Joy Luck Club, a novel and movie version of Amy Tan's Joy Club, combines literature and movie equipment by adopting the novel's story technique and enhancing them with images and sounds. This adaptation is not an explanation of the destruction or misuse of Amy Tan's novel, but the emergence of new art works that are not hindered or enhanced by the superiority of its literary pioneer. Amy Tan brings the family's own experience as a Chinese immigrant to the United States and talks about four Chinese mothers (Suyuan Woo, An-mei Hsu, Lindo Jong, Ying-ying St.).

Wayne Wang's 1993 film "The Joy Luck Club" may have disappointed most of Tan's readers, like film critics. This theme is so interesting that you can take a movie, but the story's story is sensational and sensational, it becomes an Asian-American soap opera. The last episode (from "ticket pair") has been streamlined and simplified. Hello, this set of tickets is reduced to one paragraph: June fly to China and poor Canning Woo leaves the United States. Still, this movie is useful for students who need visual aid.

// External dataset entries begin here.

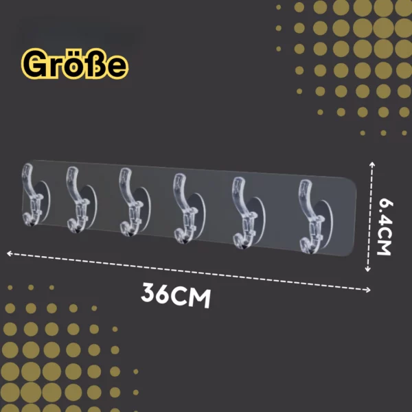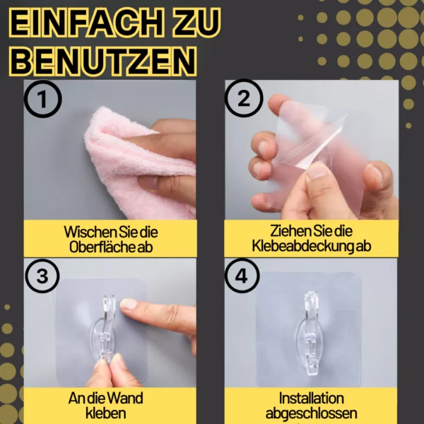 Kein Bohren erforderlich, einfach die Schutzfolie auf der Rückseite des Hakens abziehen und durch Drücken an der Wand befestigen
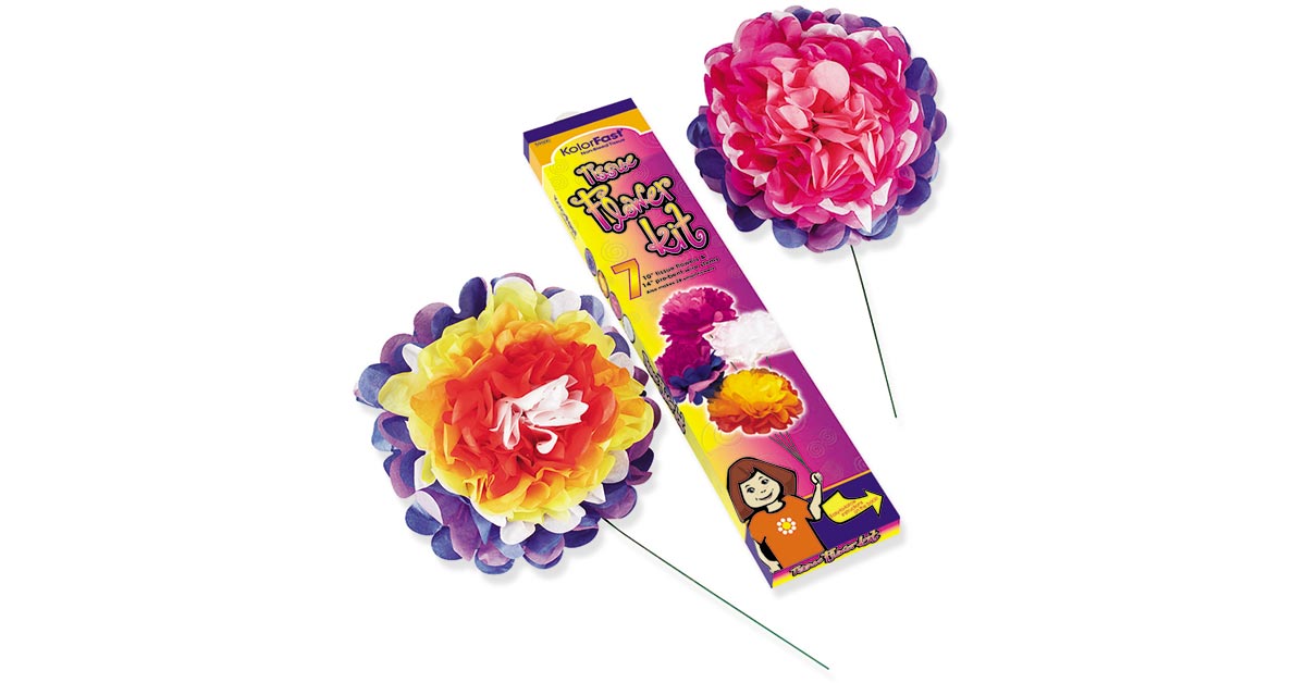 Create beautiful, brightly colored, 10" tissue flowers using this KolorFast Tissue Flower Kit. Simply accordion-fold tissue, attach stem and primp tissue to create a readymade bouquet, centerpiece or party decoration. This flower kit contains instructions, wire stems and enough pre-cut KolorFast Tissue with scalloped edges to create seven flowers. Tissue is nonbleeding.
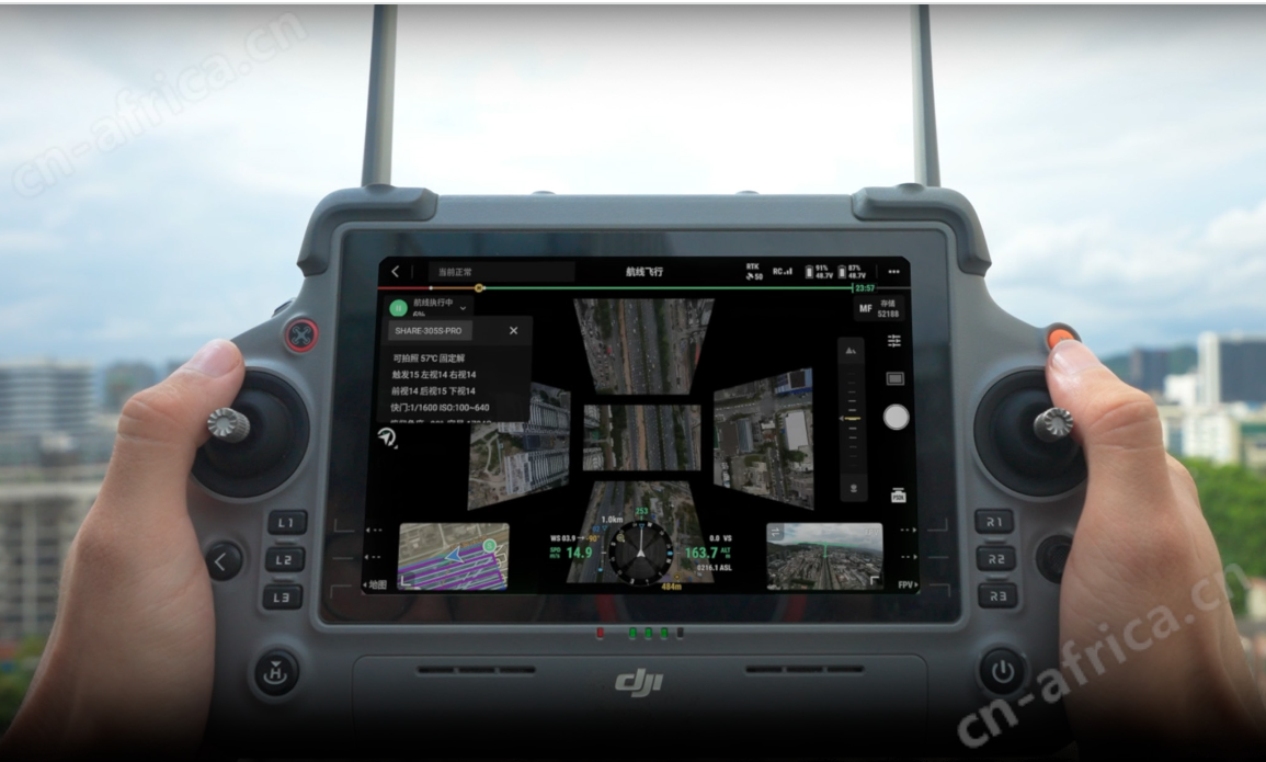 数据采集高效:适配 DJI Matrice 400,支持其 25 米 / 秒高速航测作业,可轻松获取高分辨率航摄影像。在 3 公分地面分辨率要求下,DJI Matrice 400 挂载该相机单日作业面积较上一代解决方案大幅提升。同时行业五路实时高清统一图传,支持任意单视角和五路视角的动态码流图传显示,让作业观测更全面,能更高效地采集数字孪生所需的海量数据。

When the novel "Happy Luck Club" was released in 1989, King Wayne approached the idea of ​​novelist Amy Tan and turned the novel he praised into a movie. King and Tan are increasingly worried about making it a movie and since Mr. Wang's previous movie was not attractive since "eating a bowl", the king made a movie about Chinese-American I did not want it. A large audience. Back then, there was no Hollywood movie with Almighty actor, and it was dangerous to make a movie with Chinese protagonists, especially since Asian actors were not well known to American audiences. Since the meeting at Bel Air Hotel in January 1990, Wang and Tan analyzed the novel in collaboration with Ronald Bass and explained the outline of how to display it on the screen.